→ **TO DO**: Once the pictures are removed, return each record below exactly as written.

→ **DATASET**:
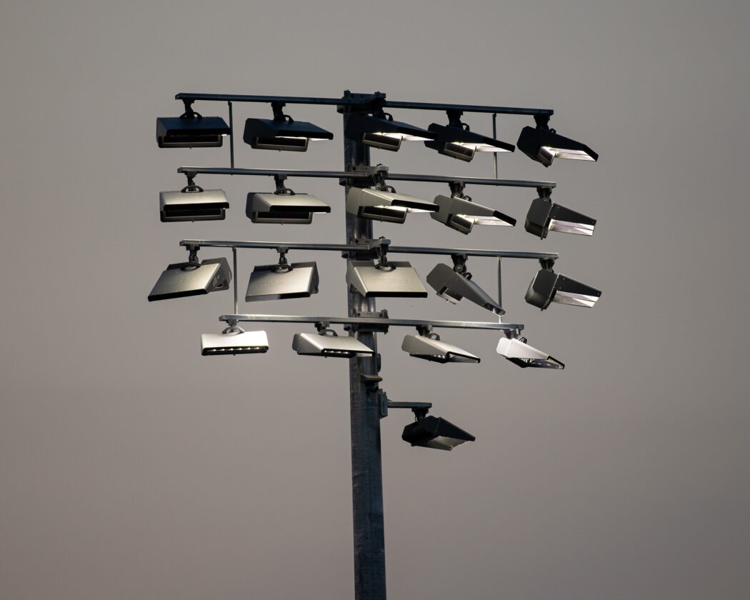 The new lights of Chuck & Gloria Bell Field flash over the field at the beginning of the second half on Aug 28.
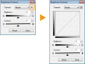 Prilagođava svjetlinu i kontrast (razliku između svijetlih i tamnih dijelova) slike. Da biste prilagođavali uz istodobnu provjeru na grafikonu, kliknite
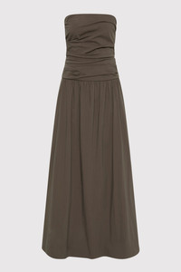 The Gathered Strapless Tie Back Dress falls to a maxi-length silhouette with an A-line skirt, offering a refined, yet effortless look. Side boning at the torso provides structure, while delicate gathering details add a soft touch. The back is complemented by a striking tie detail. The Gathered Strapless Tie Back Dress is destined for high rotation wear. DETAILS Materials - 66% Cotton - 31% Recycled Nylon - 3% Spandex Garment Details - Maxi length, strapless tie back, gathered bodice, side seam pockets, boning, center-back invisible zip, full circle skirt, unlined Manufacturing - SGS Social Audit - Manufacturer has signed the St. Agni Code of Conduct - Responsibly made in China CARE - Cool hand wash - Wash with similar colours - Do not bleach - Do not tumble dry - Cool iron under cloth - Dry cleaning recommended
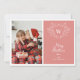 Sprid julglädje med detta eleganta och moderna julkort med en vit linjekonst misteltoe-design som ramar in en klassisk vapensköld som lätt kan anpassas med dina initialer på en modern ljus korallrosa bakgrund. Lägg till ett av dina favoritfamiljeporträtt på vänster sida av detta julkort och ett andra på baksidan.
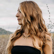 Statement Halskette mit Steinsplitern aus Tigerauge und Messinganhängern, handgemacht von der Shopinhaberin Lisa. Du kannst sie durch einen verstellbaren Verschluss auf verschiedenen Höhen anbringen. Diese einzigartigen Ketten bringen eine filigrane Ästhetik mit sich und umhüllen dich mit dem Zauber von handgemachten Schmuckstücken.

→ **REPLY**:
 The new lights of Chuck & Gloria Bell Field flash over the field at the beginning of the second half on Aug 28.
 Prilagođava svjetlinu i kontrast (razliku između svijetlih i tamnih dijelova) slike. Da biste prilagođavali uz istodobnu provjeru na grafikonu, kliknite
 The Gathered Strapless Tie Back Dress falls to a maxi-length silhouette with an A-line skirt, offering a refined, yet effortless look. Side boning at the torso provides structure, while delicate gathering details add a soft touch. The back is complemented by a striking tie detail. The Gathered Strapless Tie Back Dress is destined for high rotation wear. DETAILS Materials - 66% Cotton - 31% Recycled Nylon - 3% Spandex Garment Details - Maxi length, strapless tie back, gathered bodice, side seam pockets, boning, center-back invisible zip, full circle skirt, unlined Manufacturing - SGS Social Audit - Manufacturer has signed the St. Agni Code of Conduct - Responsibly made in China CARE - Cool hand wash - Wash with similar colours - Do not bleach - Do not tumble dry - Cool iron under cloth - Dry cleaning recommended
 Sprid julglädje med detta eleganta och moderna julkort med en vit linjekonst misteltoe-design som ramar in en klassisk vapensköld som lätt kan anpassas med dina initialer på en modern ljus korallrosa bakgrund. Lägg till ett av dina favoritfamiljeporträtt på vänster sida av detta julkort och ett andra på baksidan.
 Statement Halskette mit Steinsplitern aus Tigerauge und Messinganhängern, handgemacht von der Shopinhaberin Lisa. Du kannst sie durch einen verstellbaren Verschluss auf verschiedenen Höhen anbringen. Diese einzigartigen Ketten bringen eine filigrane Ästhetik mit sich und umhüllen dich mit dem Zauber von handgemachten Schmuckstücken.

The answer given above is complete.